**TRY IT**.
Of all the lines below, output only those starting at the one with "Krótko ścięty z" and ending at the one with "опровергнуть донос и", both ends included, exactly as written.

**THE INPUT**.
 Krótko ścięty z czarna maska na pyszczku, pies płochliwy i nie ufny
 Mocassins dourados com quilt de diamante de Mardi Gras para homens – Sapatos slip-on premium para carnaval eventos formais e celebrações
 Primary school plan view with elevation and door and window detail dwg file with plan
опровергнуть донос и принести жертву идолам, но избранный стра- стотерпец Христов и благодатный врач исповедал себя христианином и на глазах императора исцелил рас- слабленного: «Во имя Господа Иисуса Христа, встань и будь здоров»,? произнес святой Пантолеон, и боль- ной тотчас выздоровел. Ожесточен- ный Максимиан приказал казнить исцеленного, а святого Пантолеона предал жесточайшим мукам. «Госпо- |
...
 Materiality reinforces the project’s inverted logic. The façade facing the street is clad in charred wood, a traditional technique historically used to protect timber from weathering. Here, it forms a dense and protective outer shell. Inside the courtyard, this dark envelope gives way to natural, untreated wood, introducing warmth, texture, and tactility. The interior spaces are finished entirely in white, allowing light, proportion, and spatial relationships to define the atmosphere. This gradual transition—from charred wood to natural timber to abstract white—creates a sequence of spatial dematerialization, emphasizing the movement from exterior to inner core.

**RESULT**.
 Krótko ścięty z czarna maska na pyszczku, pies płochliwy i nie ufny
 Mocassins dourados com quilt de diamante de Mardi Gras para homens – Sapatos slip-on premium para carnaval eventos formais e celebrações
 Primary school plan view with elevation and door and window detail dwg file with plan
опровергнуть донос и принести жертву идолам, но избранный стра- стотерпец Христов и благодатный врач исповедал себя христианином и на глазах императора исцелил рас- слабленного: «Во имя Господа Иисуса Христа, встань и будь здоров»,? произнес святой Пантолеон, и боль- ной тотчас выздоровел. Ожесточен- ный Максимиан приказал казнить исцеленного, а святого Пантолеона предал жесточайшим мукам. «Госпо- |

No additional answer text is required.